Show that $\Bbb{E}(e^{sX-s^2/2+tY-t^2/2})=e^{st\Bbb{E}(XY)}$ for standard jointly normal random variables $(X,Y)$

68 Views Asked by At

Let $X,Y$ be two normal random variables such that $\Bbb{E}(X)=0,\;\Bbb{E}(Y)=0,\;V(X)=1,\;V(Y)=1.$

I would like to prove that for all $s,t\in\Bbb{R}$ we have $$\Bbb{E}\bigl(\exp(sX-s^2/2)\exp(tY-t^2/2)\bigr)=\exp(st\Bbb{E}(XY)).$$

As $X,Y$ are not independent I am not sure how can I tackle this problem. For exemple, I don't know the density $f_{XY}.$

EDIT: I have badly translated the problem (english to french). Indeed the assumption is 'with joint Gaussian distribution'.

2

There are 2 best solutions below

0
On BEST ANSWER

Assuming furthermore that $(X,Y)$ is jointly normal, one knows that there exists some standard normal random variable $Z$ independent of $X$ such that $Y=uX+vZ$ with $u=E(XY)$ and $u^2+v^2=1$.

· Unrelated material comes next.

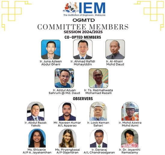 Committee Members: Ir. Lau Tai Onn, Ir. Ong Guan Hock, Ir. Yee Thien Seng, Ir. Ts. Prof. Dr Teo Fang Yenn, Ir. Razmahwata bin Mohd Razalli, Dr Sudharshan N. Raman, Ir. Lee Chang Quan, Ir. Dr Lee Choo Yong, Ir. Begum Irdawati binti Dowlad Rahuman, Ir. Ts. Dr Tan Kim Seah, Ms. Michelle Lau Chui Chui,Grad. IEM, Ir. Ahmad Rafidi bin Mohayiddin
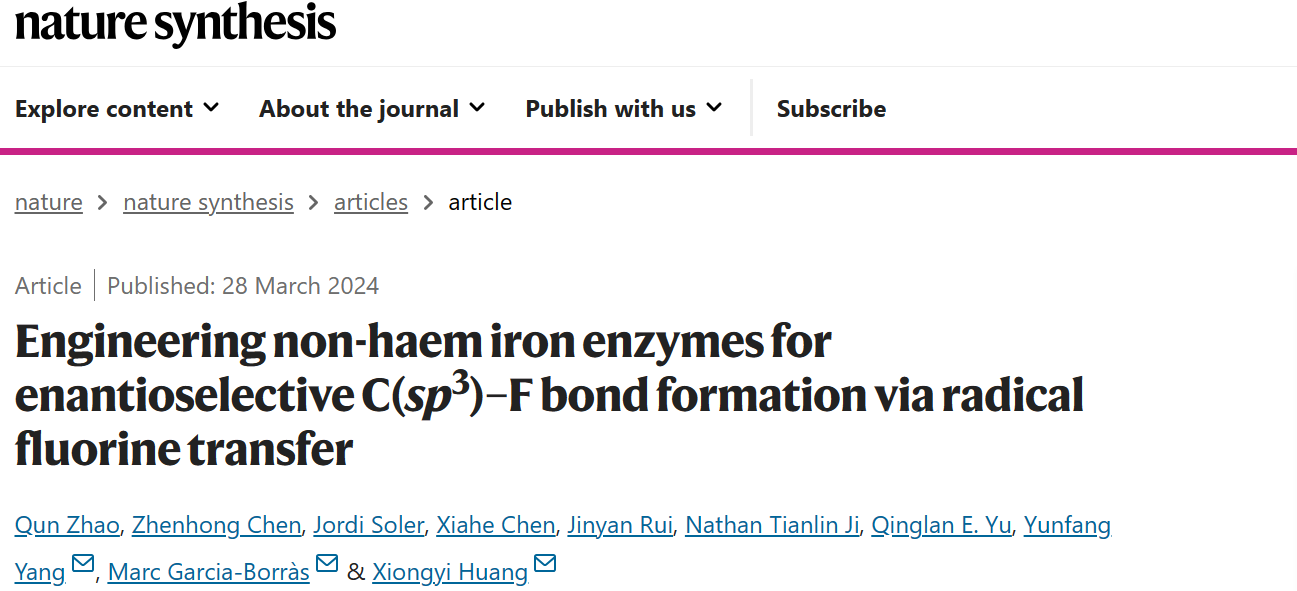 近期,世界杯2026年国际足联世界杯赵群教授和浙江工业大学杨云芳教授、赫罗纳大学Marc Garcia-Borràs教授、约翰霍普金斯大学Xiongyi Huang教授在金属酶催化新功能拓展方面取得重要进展,研究成果“Engineering non-haem iron enzymes for enantioselective C(sp3)–F bond formation via radical fluorine transfer”正式发表于《Nature Synthesis》杂志。

Then, by independence of $X$ and $Z$, the desired expectation $$(\ast):=E(e^{sX-s^2/2+tY-t^2/2})$$ is $$(\ast)=E(e^{sX-s^2/2+t(uX+vZ)-t^2/2})=E(e^{(s+tu)X})E(e^{tvZ})e^{-s^2/2-t^2/2}$$ Using the identity $$E(e^{aX})=E(e^{aZ})=e^{a^2/2}$$ for every $a$, one sees that $$(\ast)=e^{(s+ut)^2/2}e^{(tv)^2/2}e^{-s^2/2-t^2/2}=e^{ust}$$ that is, the desired result.

0
On

This is false. Without some assumption on joint distribution we cannot prove this. In fact, the stated equation gives a formula for $Ee^{sX+tY}$ and using this we can easily see that $(X,Y)$ has a 2-dimensional normal distribution. This is absurd since the fact that marginals are normal does not imply that the joint distribution is normal.